● Materials provided:
■ ■ ■ ■
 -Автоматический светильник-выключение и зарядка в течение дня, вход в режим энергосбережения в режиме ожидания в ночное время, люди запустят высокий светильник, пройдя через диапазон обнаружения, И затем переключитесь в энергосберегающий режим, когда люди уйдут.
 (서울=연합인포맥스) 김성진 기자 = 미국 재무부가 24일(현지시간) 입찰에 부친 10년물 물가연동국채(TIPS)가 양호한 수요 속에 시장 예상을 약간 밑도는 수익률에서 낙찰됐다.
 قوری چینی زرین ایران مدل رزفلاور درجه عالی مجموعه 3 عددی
■ ■ ■ ■
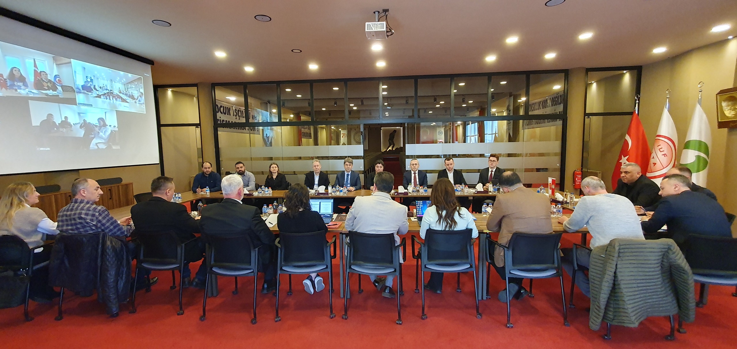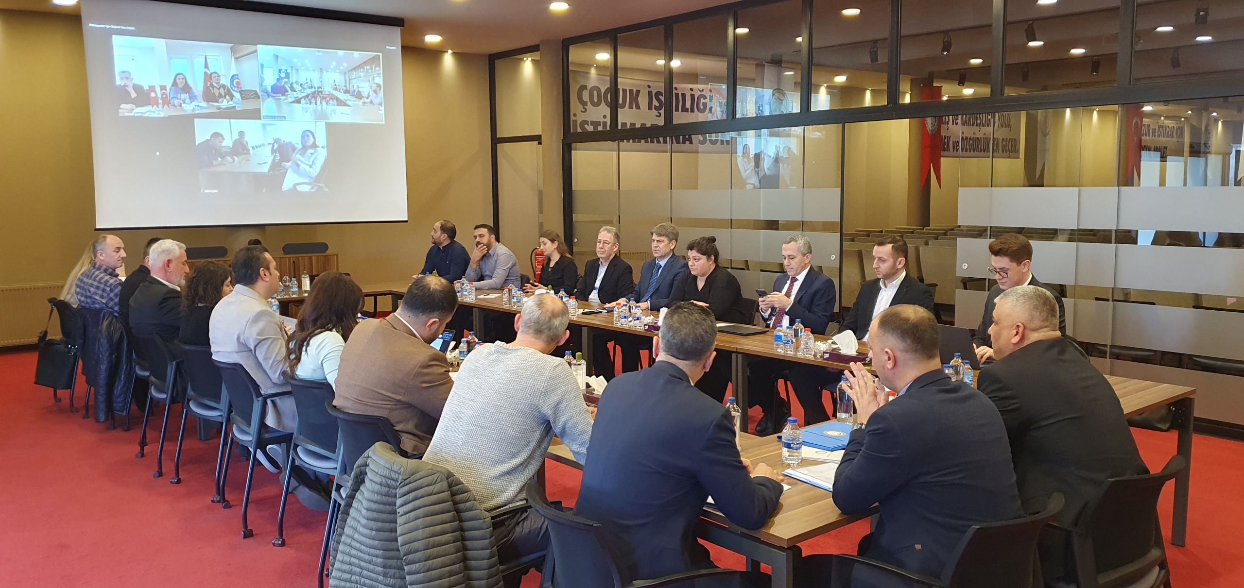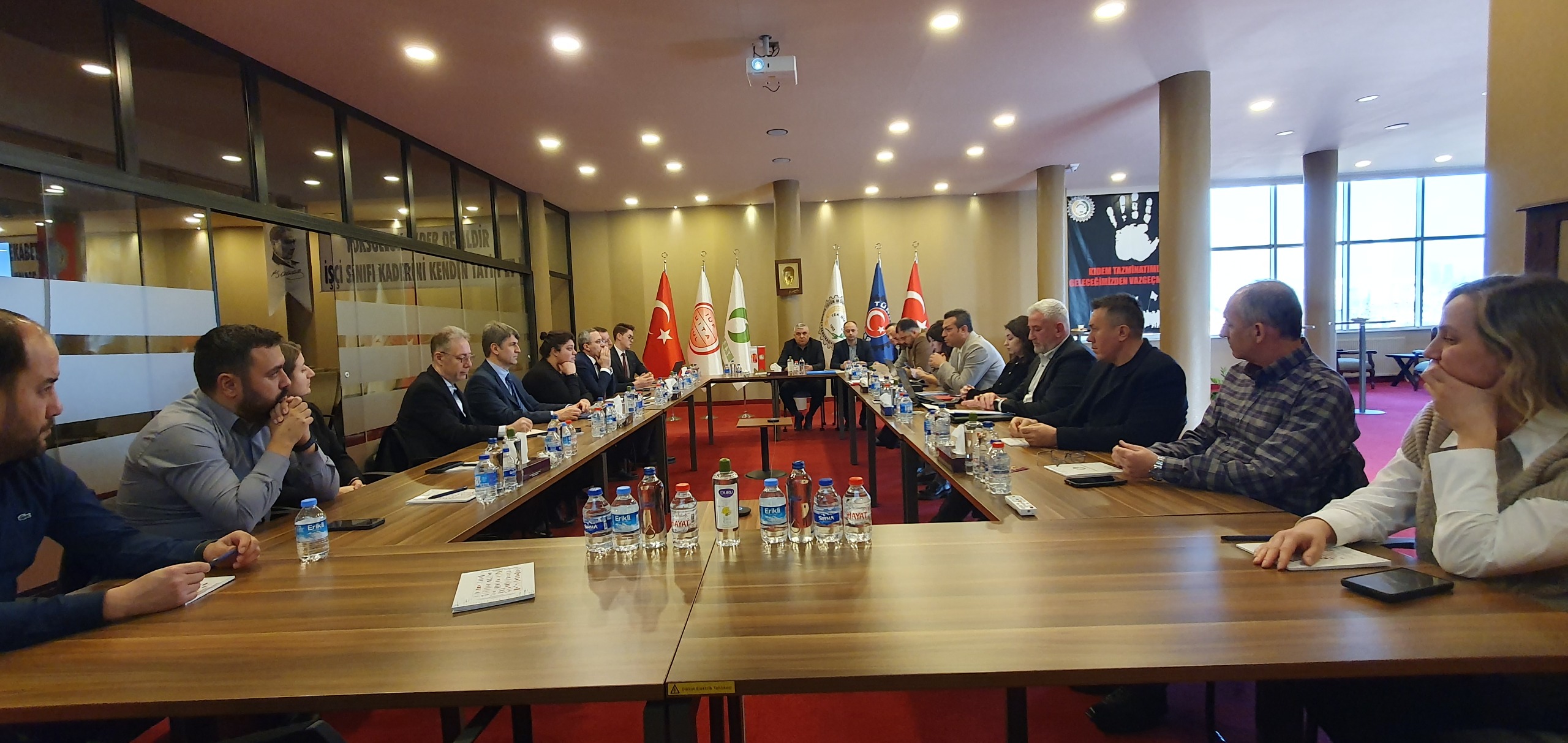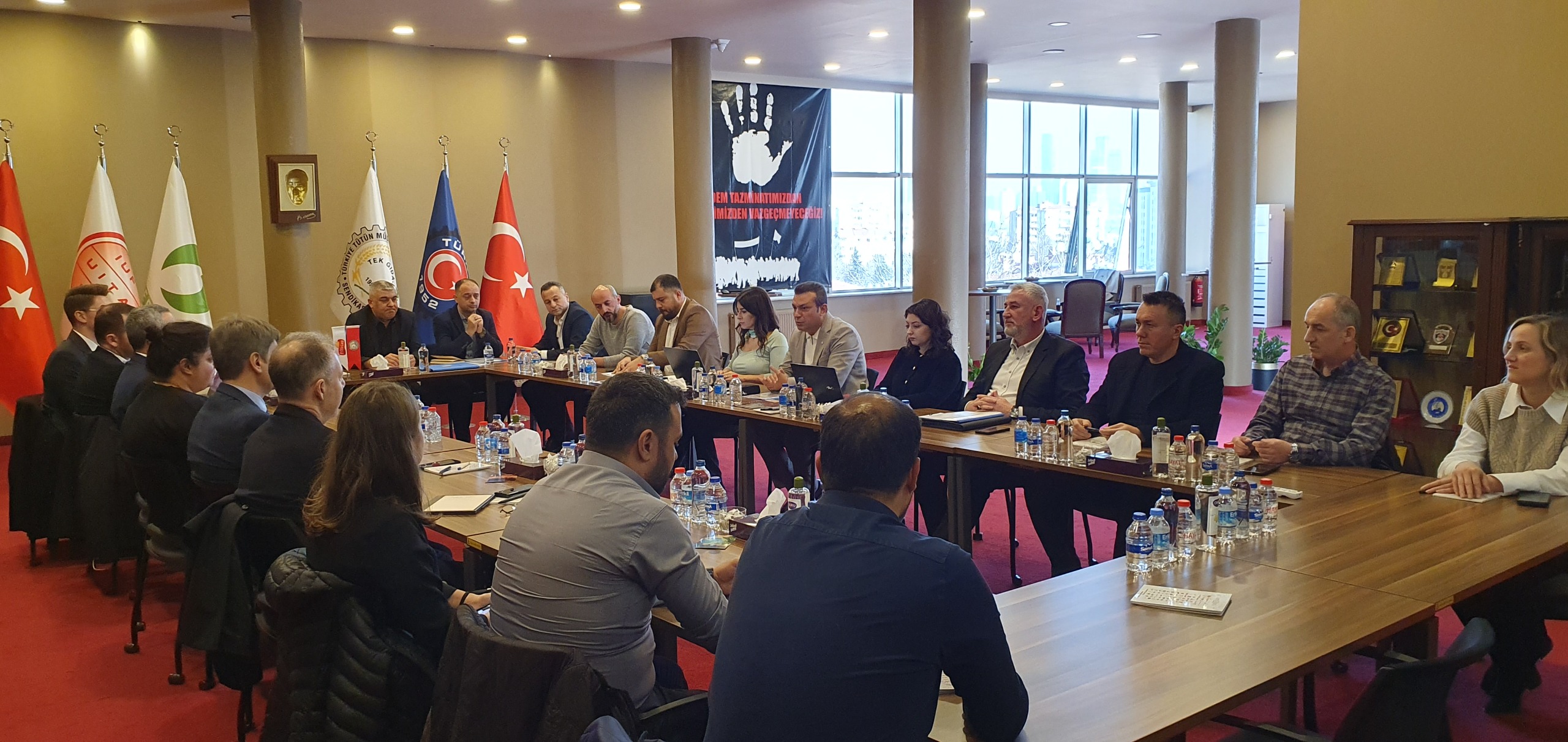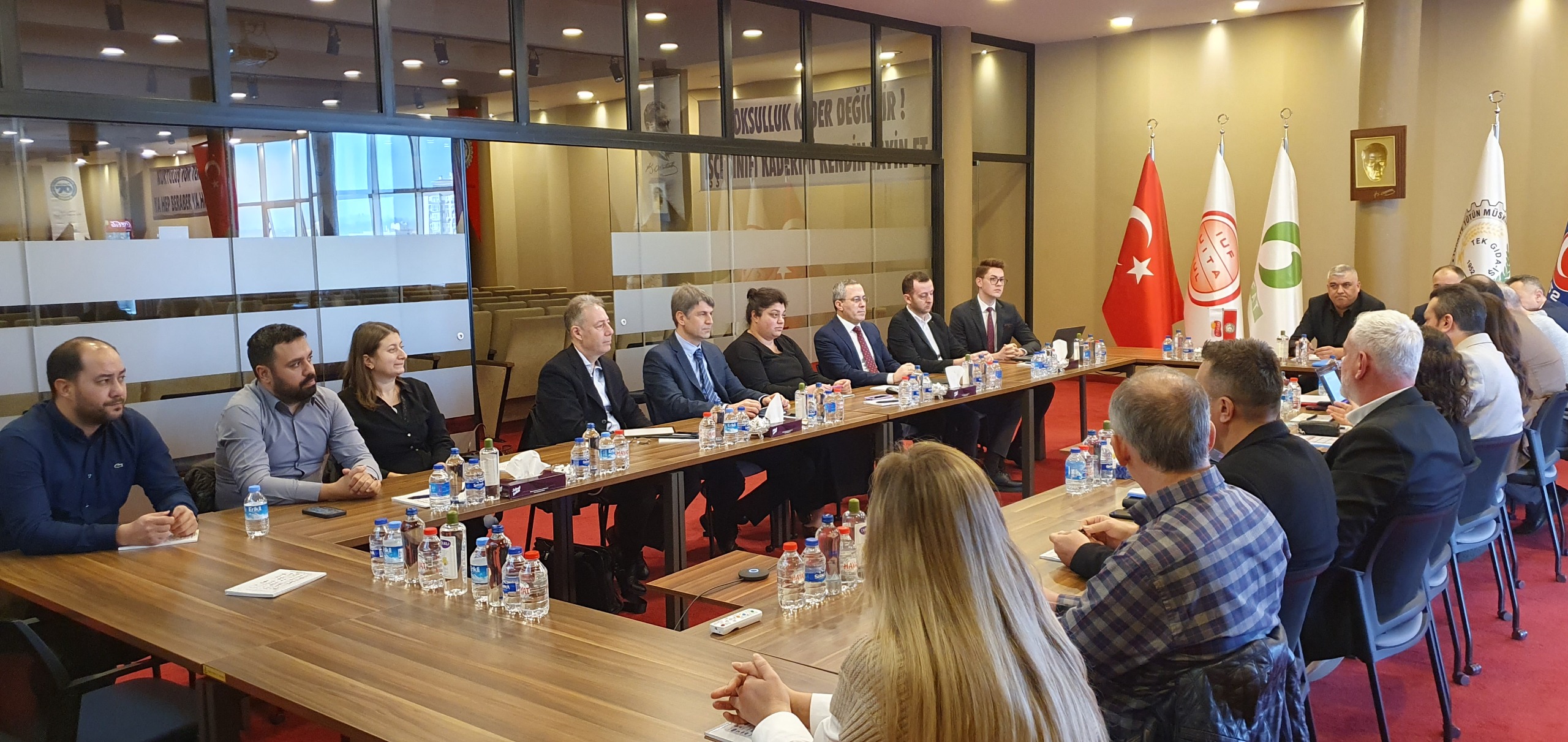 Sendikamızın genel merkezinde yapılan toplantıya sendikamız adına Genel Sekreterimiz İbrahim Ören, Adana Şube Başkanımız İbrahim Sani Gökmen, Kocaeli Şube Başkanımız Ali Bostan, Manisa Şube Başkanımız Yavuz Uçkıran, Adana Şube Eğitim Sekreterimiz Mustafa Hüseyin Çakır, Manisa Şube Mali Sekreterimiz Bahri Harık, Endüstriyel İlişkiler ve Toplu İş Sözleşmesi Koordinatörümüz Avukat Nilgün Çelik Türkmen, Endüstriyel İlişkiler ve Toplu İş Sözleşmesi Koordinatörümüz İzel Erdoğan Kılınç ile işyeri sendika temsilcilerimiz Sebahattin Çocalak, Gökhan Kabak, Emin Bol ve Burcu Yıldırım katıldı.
■ ■ ■ ■
● Your task: In the listing above, find the line with "(서울=연합인포맥스) 김성진 기자" and the line with "قوری چینی زرین"; output exactly those lines and all lines between them.

● Output below:
 (서울=연합인포맥스) 김성진 기자 = 미국 재무부가 24일(현지시간) 입찰에 부친 10년물 물가연동국채(TIPS)가 양호한 수요 속에 시장 예상을 약간 밑도는 수익률에서 낙찰됐다.
 قوری چینی زرین ایران مدل رزفلاور درجه عالی مجموعه 3 عددی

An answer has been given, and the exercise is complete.